Your receive() method doesn't use the lock, so send() holding the lock has no effect on receive().
And since both send() and receive() run in their own goroutine, send() will make it to the point where it sends the value 5 on the channel, and so the receive in receive() can proceed, and it will, and will print it in the next line.
Also note that to use channels from multiple goroutines, you do not need "external" synchronization. Channels are safe for concurrent use, data races cannot occur by design. For details, see If I am using channels properly should I need to use mutexes?
If the receive() method would also use the lock like this:
func (s *S) receive() {
s.mu.Lock()
num := <-s.ch
s.mu.Unlock()
fmt.Printf("%d\n", num)
}
Then yes, nothing would be printed, because the receive cannot happen until send() releases the lock, but that can't happen until someone receives from the channel.

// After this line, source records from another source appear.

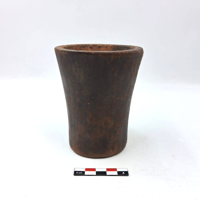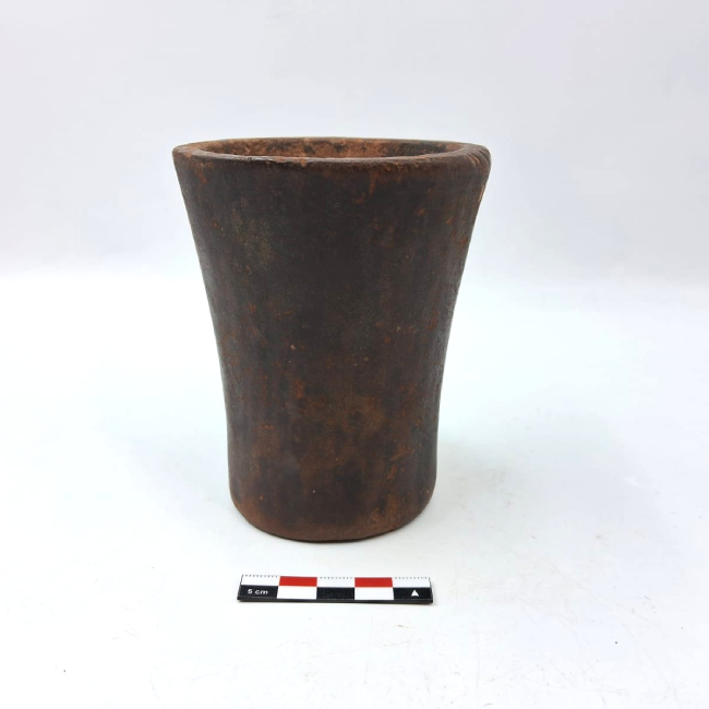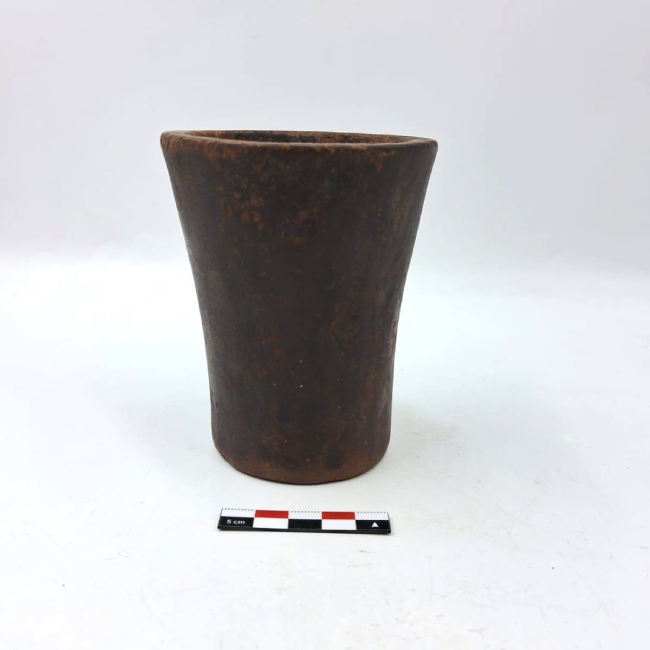 Contenedor de forma abierta y contorno simple. Presenta una forma general troncocónica invertida. Los bordes son evertidos de labio plano y la base plana. La superficie exterior fue pulida.
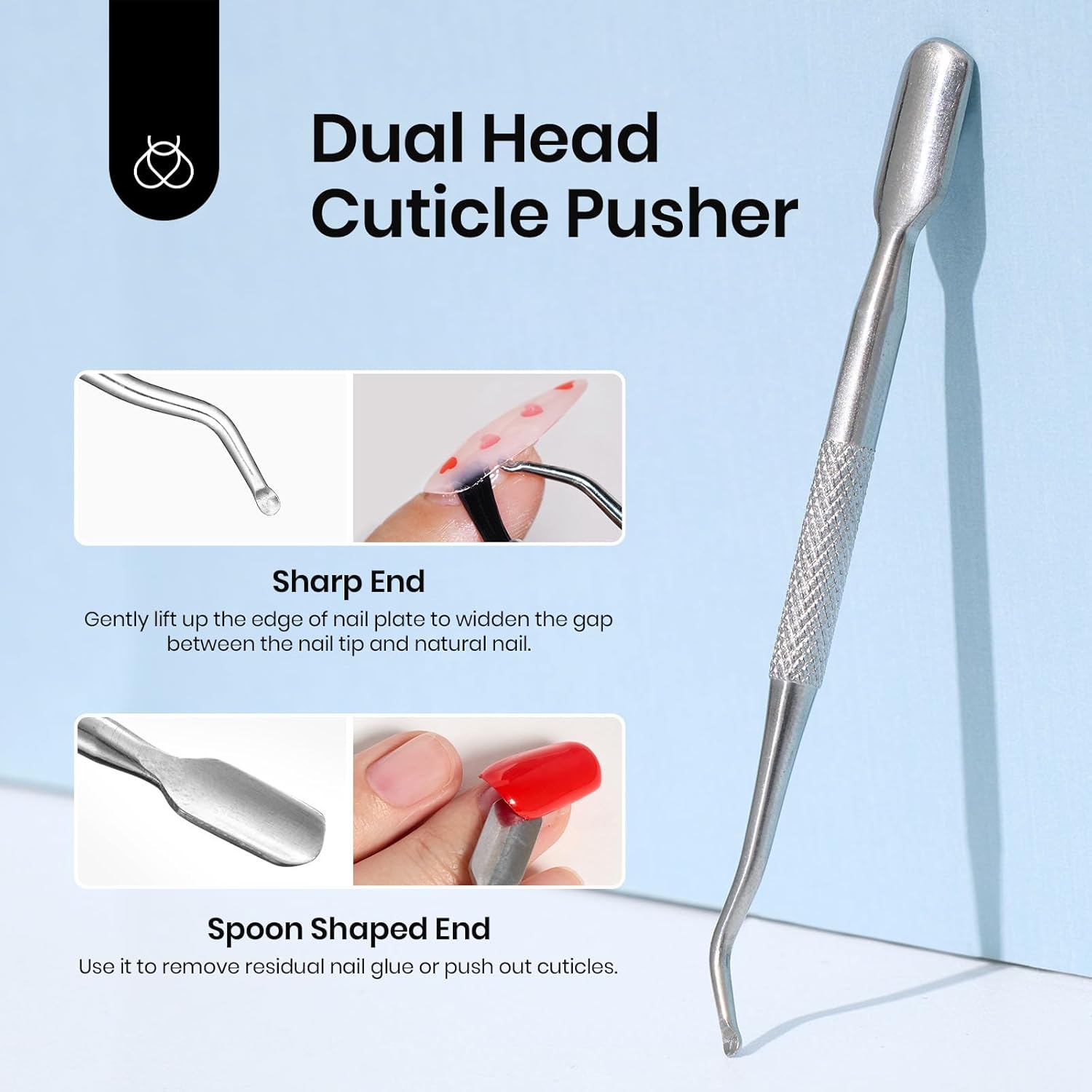 - Easy Application & Removal for Nail Art Gift for Girls-- ①Use the pointed end of the steel pusher to pry a small gap between the nail plate and the nail. ②Apply fake nail remover between the gaps to soften the glue, wait for 60s. ③Use the flat end of tool to push and remove the remaining glue of surface. ④Repeat the above steps until the nail glue is completely removed. *Please watch the video for detailed tutorials.
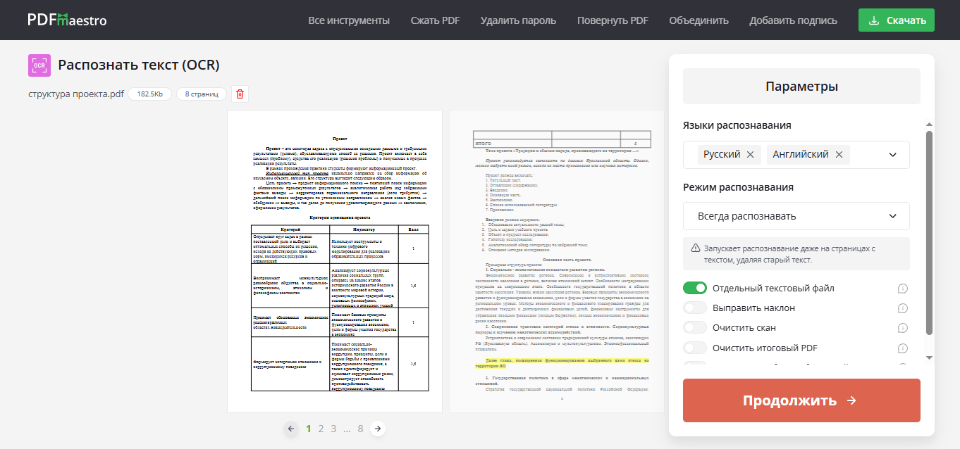 PDF Maestro — онлайн-инструмент для редактирования PDF-документов. Разработчики предоставляют десятки опций, среди которых есть и бесплатная программа для распознавания текста с фото. Чтобы воспользоваться функцией распознавания, достаточно загрузить контент на сайт и дождаться конца обработки. Сервис сам очищает пятна и шумы, исправляет наклоненные сканы и преобразовывает результат в редактируемый формат. Ограничений по количеству загрузок в день или размеру ПДФ нет. Также сайт не накладывает водяной знак.
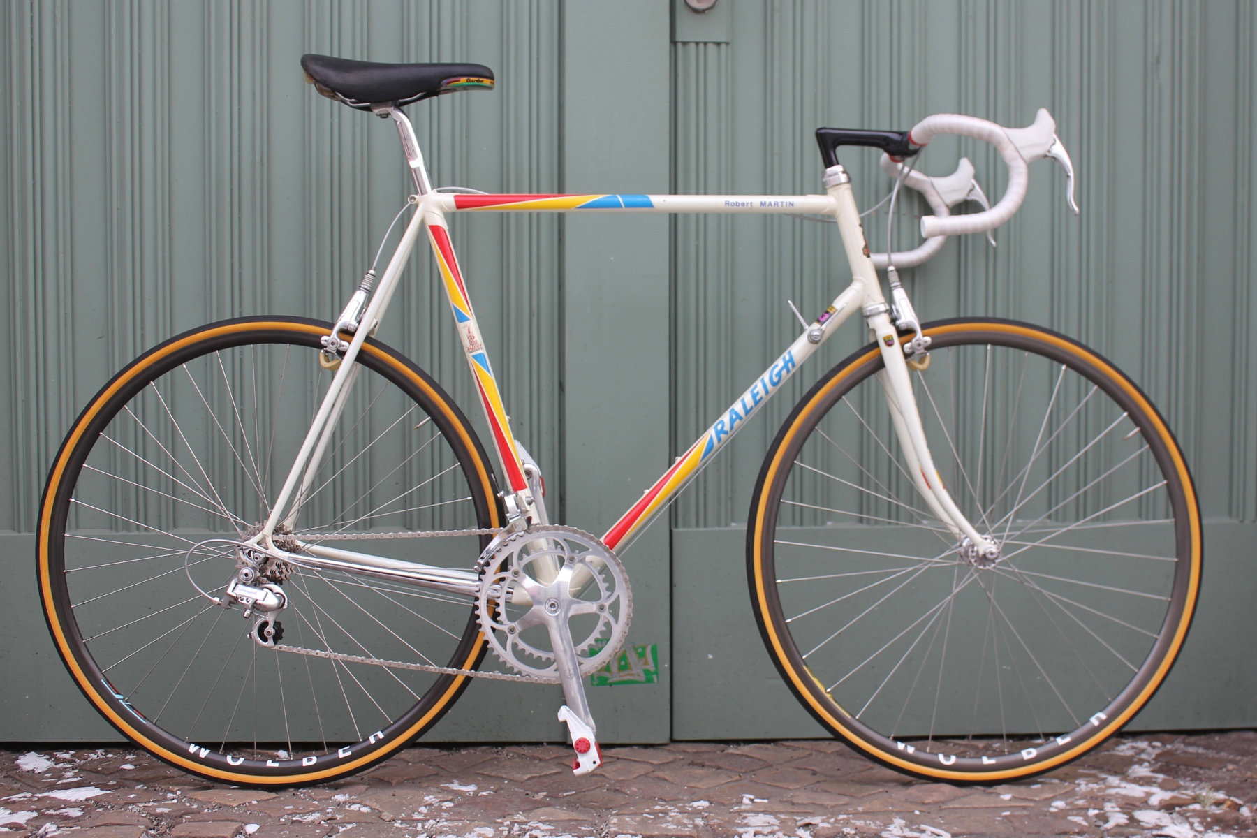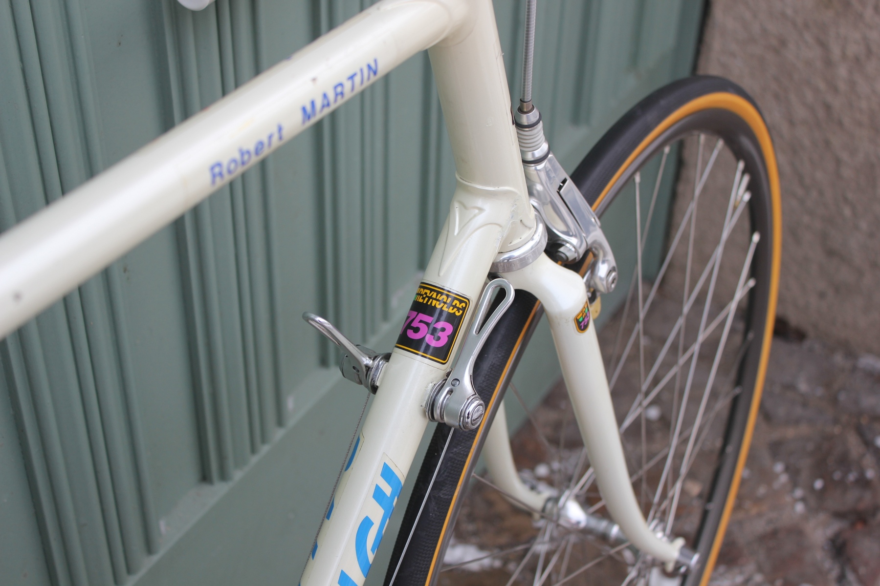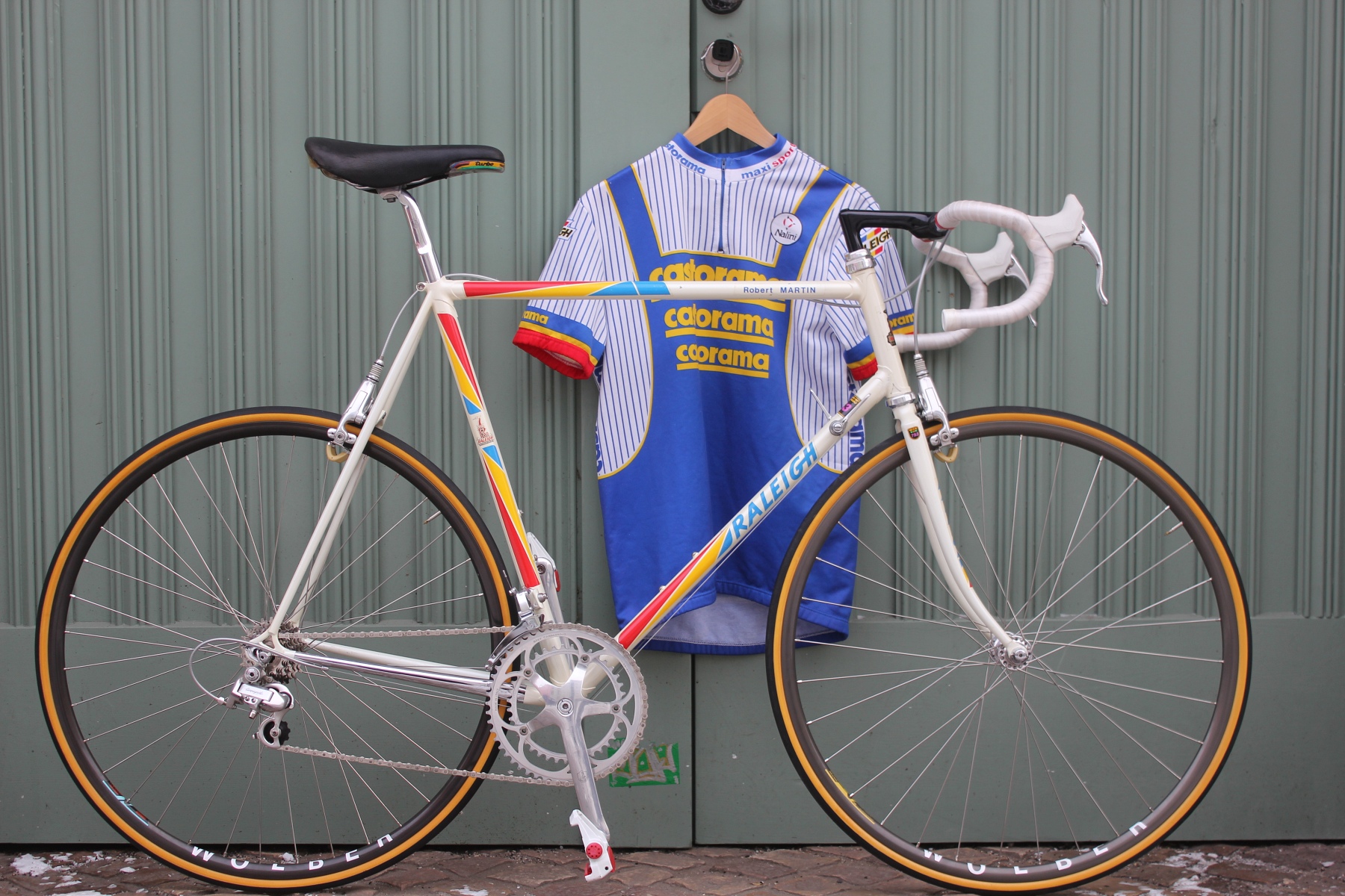 The bike presented here is a small mystery. The frame was built for Robert Martin, yet Robert Martin does not appear in any official team lists from those years. One might think that Robert Martin's name was simply applied as a decal on the top tube—but that is not the case. Both the frame and fork clearly show his initials. The build also features a few peculiarities: the then rather rare C-Record crankset is fitted in 180 mm length, and instead of the standard C-Record shifters, Simplex Retrofriction components were used. The geometry of the frame also suggests a custom-made frame for the team. Anyone with additional information is welcome to contact me.
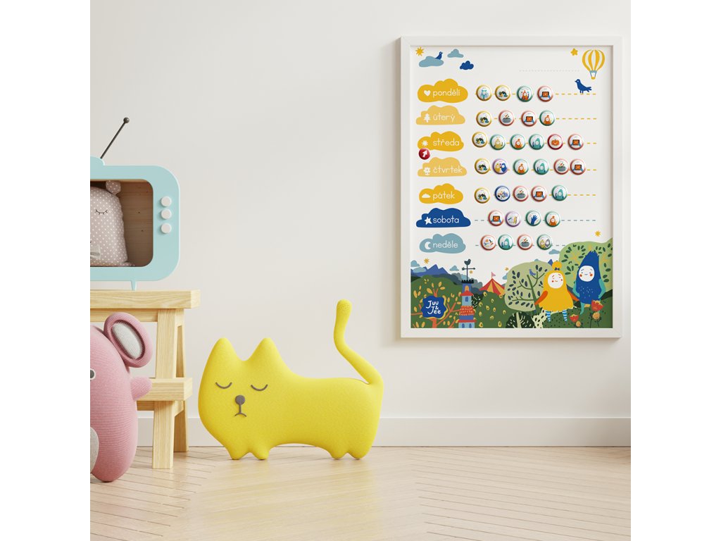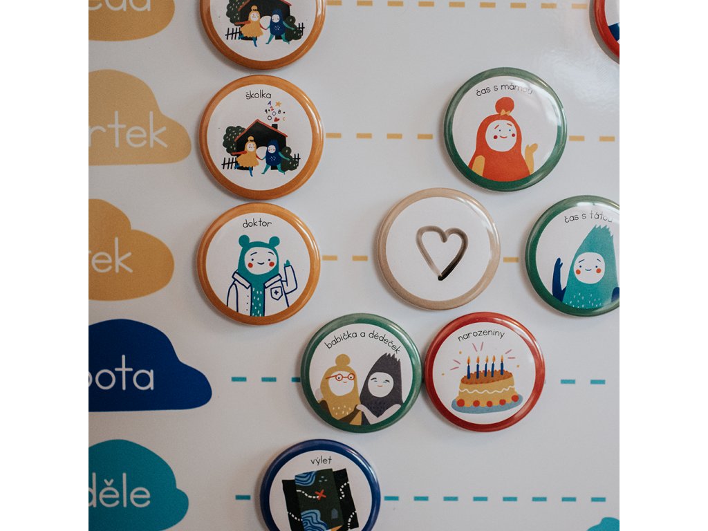 - 20 magnetek: 5x magnet školka, čas s maminkou, čas s tatínkem, babička a dědeček, čtení knížek, tablet, tvoření, uklízení, svátek, narozeniny, doktor, návštěva, výlet, hernička a hřiště,
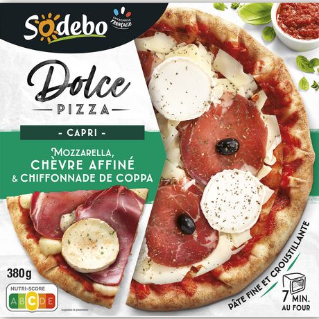 Pâte fine à pizza (43%) garnie de mozzarella (19%), de fromage de chèvre (7%) et de coppa (7%).
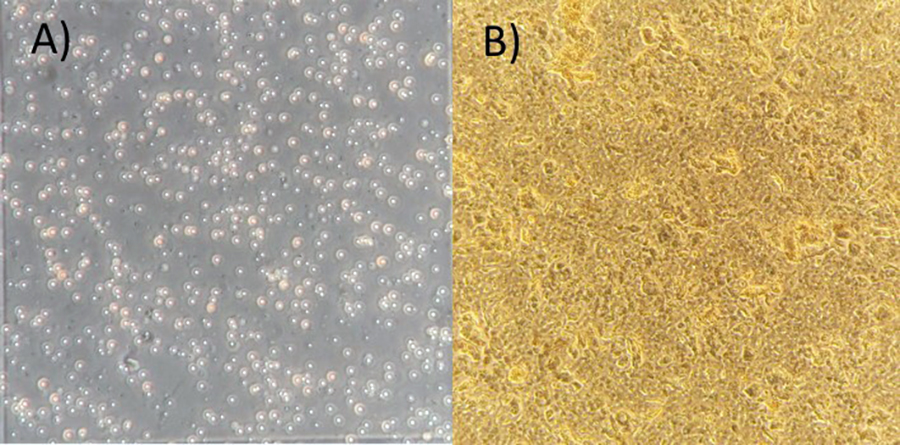 A) Cuerpos de oclusión de baculovirus observados en el microscopio (x400 aumentos). B) Cuerpos de oclusión de baculovirus protegidas con nanopartículas metálicas y polímeros (x400 aumentos)

And in this case the program would terminate after 1 second without printing anything, because when the sleep is over the main goroutine ends, so does your whole app with it. It does not wait for other non-main goroutines to complete. For details, see No output from goroutine in Go.
Edit:
Yes, you misunderstand the lock. Locking a sync.Mutex only locks the mutex value itself, it does not lock the whole struct value (it can't). And "locks the value itself" means if another goroutine also calls its Mutex.Lock() method, that call will block until the lock is released by calling its Mutex.Unlock() method. When it's unlocked, the goroutine that is blocked at the Mutex.Lock() call will proceed to lock the mutex and return.